= Catherine Lucy Kennedy =

English headmistress (1851–1910)

Catherine Lucy Kennedy (1851 – 1910) was the first headmistress of Leeds Girls’ High School and headmistress of St Elphin's School.

== Early life ==
She was born on 20 September 1851 to Revd William James Kennedy, a school inspector, and his cousin Sarah Caroline Kennedy. She had three brothers, including William Rann Kennedy, and was educated at Cheltenham Ladies’ College.

== Teaching career ==
In 1874, Kennedy became assistant mistress of Cheltenham Ladies’ College under Dorothea Beale, until she was appointed first headmistress at the newly founded Leeds Girls’ High School in 1876, opened by subscription to provide education for the town's girls who could not attend the boy's grammar school. At an inaugural meeting in September 1876 she established that the main subjects to be taught were classical languages, mathematics, and natural science. During her fifteen-year tenure, the school had grown in size from 42 to 160 pupils.
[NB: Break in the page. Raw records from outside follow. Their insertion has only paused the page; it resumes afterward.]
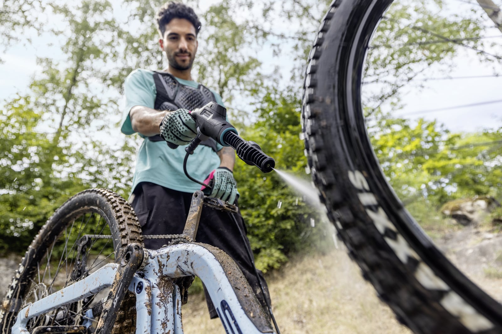 Crijevo, pištolj za okidanje i mlaznica mogu se jednostavno i sigurno pohraniti na uređaj radi uštede prostora. Pribor vam je uvijek pri ruci, čak i kada ste u pokretu. Punjiva kolica za vodu od 12 l dostupna su kao dodatna oprema.
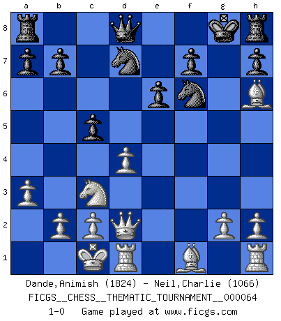 Last move : 1-0 2008 November 15 1:7:35 [Event "FICGS__CHESS__THEMATIC_TOURNAMENT__000064"] [Site "FICGS"] [Date "2008.11.03"] [Round "1"] [White "Dande,Animish"] [Black "Neil,Charlie"] [Result "1-0"] [WhiteElo "1824"] [BlackElo "1066"] 1.d4 d5 2.e4 dxe4 3.Nc3 Nf6 4.f3 exf3 5.Nxf3 Bf5 6.Be3 e6 7.Ne5 Bb4 8.Qd2 Nbd7 9.a3 Bd6 10.Nc4 c5 11.Nxd6+ Ke7 12.Nxf5+ Kf8 13.Nxg7 Kxg7 14.Bh6+ Kg8 15.O-O-O 1-0 Blackmar gambit Queenside Castling by player White (move 15) Player White won this chess game. Follow this game move after move (download)Chess is a sea in which a gnat may drink and an elephant may bathe. (Hindu proverb) Ich rechne überhaupt nicht voraus. Ich gewinne auch so. (Robert James Fischer) Muchos jugadores de Ajedrez se sorprendían cuando después de la partida, Fischer explicaba con calma: 'Yo ya había analizado esta posibilidad' en una posición en la cual yo creía que no era posible de prever desde la apertura. (Mikhail Tal) Le système Elo représente seulement une moyenne. Il est simplement un indicateur de votre stabilité. (Anatoli Karpov) I can't decide which is riskier; taking crazy risks, or taking advice on crazy risks from a crazy risk taker. (Gregory House in House M.D.)
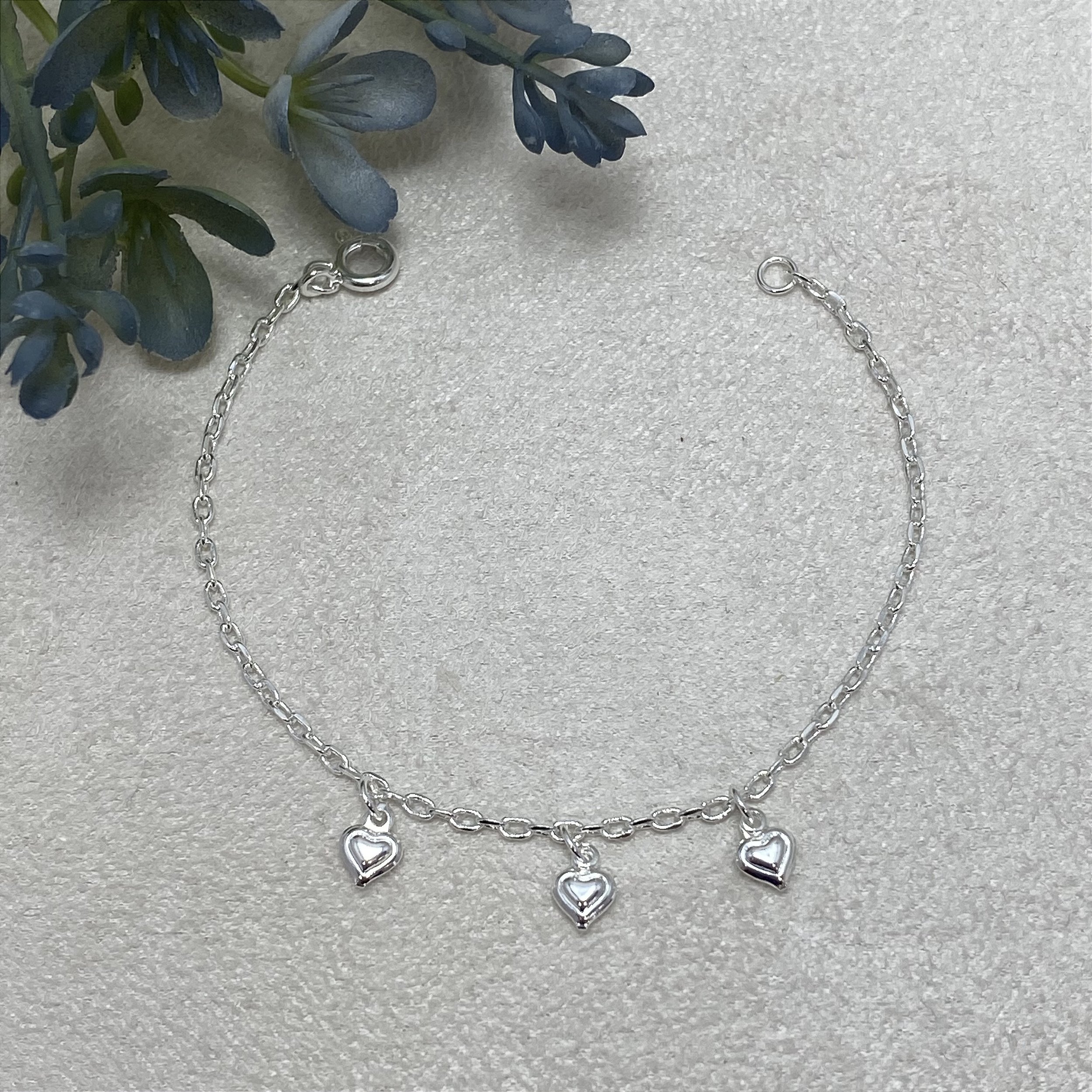 Pulseira Infantil banhada a Prata 925, com 3 pingentinhos de Corações.
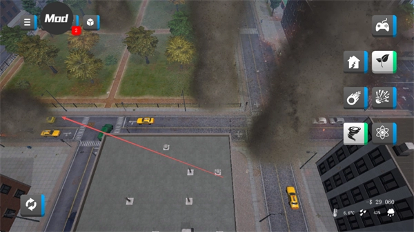4、持续运用各类灾害工具,毁坏城市里的建筑、植被、交通等设施,逐步累积分数,感受城市被粉碎的乐趣。
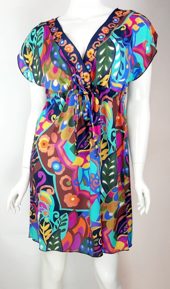Plážové šaty v atraktivním stylu. Lehký materiál krásné doplní různé plavky . Volný střih zaručí snadné oblékání. Materiál: 100% polyester
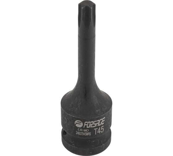 Головка-бита TORX ударная 45 мм 1/2" от бренда Forsage предназначена для работы с крепежными элементами, имеющими форму шлица TORX. Этот инструмент является необходимым атрибутом для специалистов, работающих с автомобилями и строительной техникой, благодаря своей высокой прочности и надежности.

In 1881, she carried out a scientific analysis of the Boston Spa water with Margaret Neill Johnston.

In 1896, she began a fourteen-year tenure as headmistress of the Clergy Daughter's School at Warrington. Under her headship, the school expanded to taking students who were not daughters of clergy and was renamed St Elphin's School, relocating to larger premises in Darley Dale in 1904.

Kennedy died at St Elphin's School on 17 February 1910.